Uniphar, the Irish pharmaceuticals wholesaler and healthcare services group chaired by Maurice Pratt, plans to double its earnings over the next five years to nearly €100 million after a planned stock market flotation next month.
The company confirmed on Monday that it would be seeking to raise €150 million in an initial public offering (IPO) and list on the junior Dublin and London markets.
The Irish Times reported the figure in April as the company had begun to market the IPO with its advisers in Davy and Royal Bank of Canada.
Uniphar, formed in 1994 through the merger of United Pharmacists Co-op and Allied Pharmaceutical Distributors, will use some of the IPO proceeds to pay the up-front consideration and related costs to complete the purchase of Durbin, a specialist supplier of pharmaceuticals with offices in the UK and the US. A spokesman for the firm declined to give financial details on the deal.
The cash will also be used for further bolt-on acquisitions, capital expenditure and working capital for growth of the enlarged group, to reduce the group’s debt burden and pay IPO expenses.
Uniphar made over two-thirds of its €46.3 million of earnings before interest, tax, depreciation and amortisation (ebitda) last year from its two growth divisions.
These are commercial and clinical, which helps pharmaceutical companies and medical device manufacturers with marketing and distribution, and product access, which sources and supplies unlicensed medicines for retail and hospital pharmacy customers and manages the release of speciality medicines for drug-makers to approved patients.
Global provider
Chief executive Ger Rabbette said the group had "transformed" over the past five years, and was "poised to become a truly global provider of integrated solutions with a strong focus on speciality pharmaceuticals and innovative medtech portfolios while maintaining our leading supply chain and retail position in the Irish market".
Last year Uniphar reported revenues of € 1.55 billion. It employs over 2,000 people.
Mr Pratt told the company’s 500-plus existing shareholders, mainly independent community pharmacists, last December that the group had more than doubled its ebitda in 2018, following over €150 million of acquisitions since 2012.
In the second half of last year Uniphar completed the purchase of the healthcare distribution unit of construction-to-property investment company Sisk Group in a deal involving cash payments of up to €65 million over a two-year period and the transfer of a 15 per cent stake in the business.

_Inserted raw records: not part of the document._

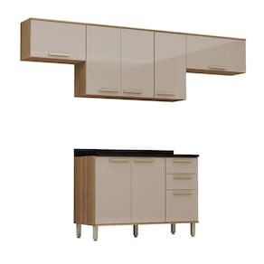 Características Estrutura: 100 MDP Acabamento da Caixaria/Corpo: PF Acabamento das Portas/Frontal: Laca Quantidade de Portas: 8 Tipo de Abertura das Portas: de Bater/Abrir Tipo de Dobradiças: Metálicas 35mm Slow Motion Quantidade de Gavetas: 2 Tipo de Corrediças: Metálicas Telescópicas Tipo de Puxadores: Aste em Plástico Gold Quantidade de Prateleiras: 4 Tampo e Rodatampo: Tampos em MDP 25mm e rodatampo de 6cm de altura Sistema de Montagem: Cavilhas e Parafusos Garantia do Fabricante: 3 meses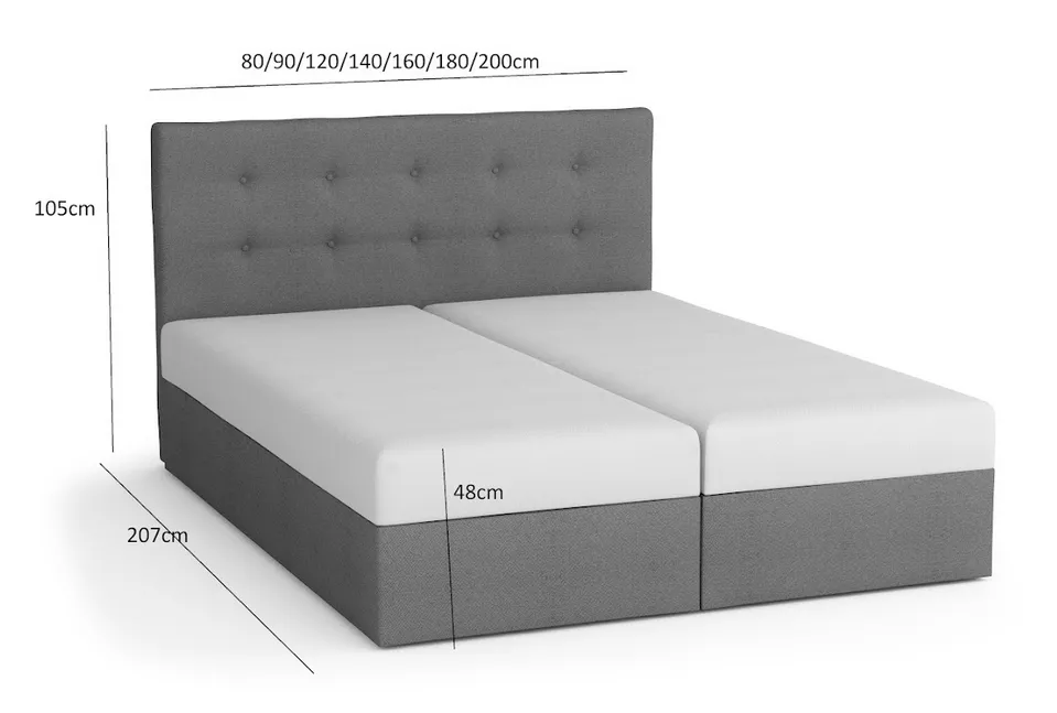 Boxspringová postel WALLY nabízí kvalitní odpočinek. Čalouněné čelo zamezí poškrábaní a zašpinění zdi. Disponuje 2 úložnými prostory pod výklopnými rošty.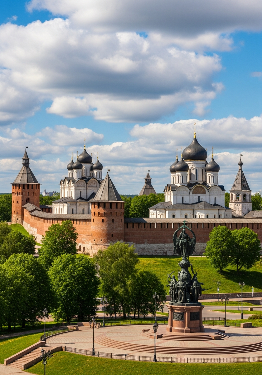 Внутри можно увидеть Софийский собор, памятник "Тысячелетие России", Грановитую палату и несколько музеев с уникальными экспозициями древнерусского искусства и берестяных грамот. Прогулка по крепостным стенам открывает захватывающие виды на город и реку.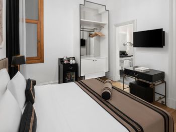Я бронировала улучшенные номера. Площадь номера была указана 27 кв.м. При заезде мы получили два номера на 5 этаже. Один из которых был очень маленький. Зато с балконом - пояснили нам сотрудники отеля. Кому в декабре нужен балкон? И потом, если бы мы хотели номер с балконом, то его бы бронировали. В отеле всего два лифта, с одним из которых постоянно были проблемы. Одна большая кровать - это сдвинутые две кровати, накрытые одной простыней с провалом посередине. Полотенца застиранные до серости. С махрящимися краями и огромными пятнами. Прикроватные тумбочки были липкие, я попросила их помыть, но их просто протерли и липкие пятна так и остались. По углам душевой кабины внутри и снаружи вековая пыль. Кондиционера индивидуального нет, а общий работает плохо. Слышимость улицы очень сильная. Меня не спасли даже беруши. Верхнюю одежду повесить некуда. Крючков нет. В номере небольшой шкафчик открытого вида (как на фото) и все. 5 встроенных вешалок в шкафу с низкой штангой. В ванной два крючка, так что либо полотенца висят, либо халаты. Ни кресла, ни стула. Только банкетка. Завтрак в цокольном помещении, там же где и ресторан. Кофе - растворимый. Чай из бачка. Из горячих блюд - какая-то мешанина типа омлета и сосиски.

Uniphar invested heavily in retail before the financial crisis. It was forced to take a €98 million writedown on its investment in scores of pharmacies in 2008.
Mr Pratt, the former head of Tesco in Ireland and drinks maker C&C Group, came on board as group chairman a decade ago, with Ger Rabbette being hired as chief executive the following year.
Restructuring
An IPO will complete a significant turnaround since 2010, when a series of cuts by the HSE to the prices it was prepared to pay for medicines hit the company and led to large-scale restructuring.
In 2013, it acquired Cahill May Roberts in Ireland, which gave it the scale to compete and absorb the HSE-imposed cuts.
The following year Uniphar started to diversify into higher-margin commercial services.
The company also began moving outside Ireland, expanding into Britain in 2015 and into the Benelux region in February of last year.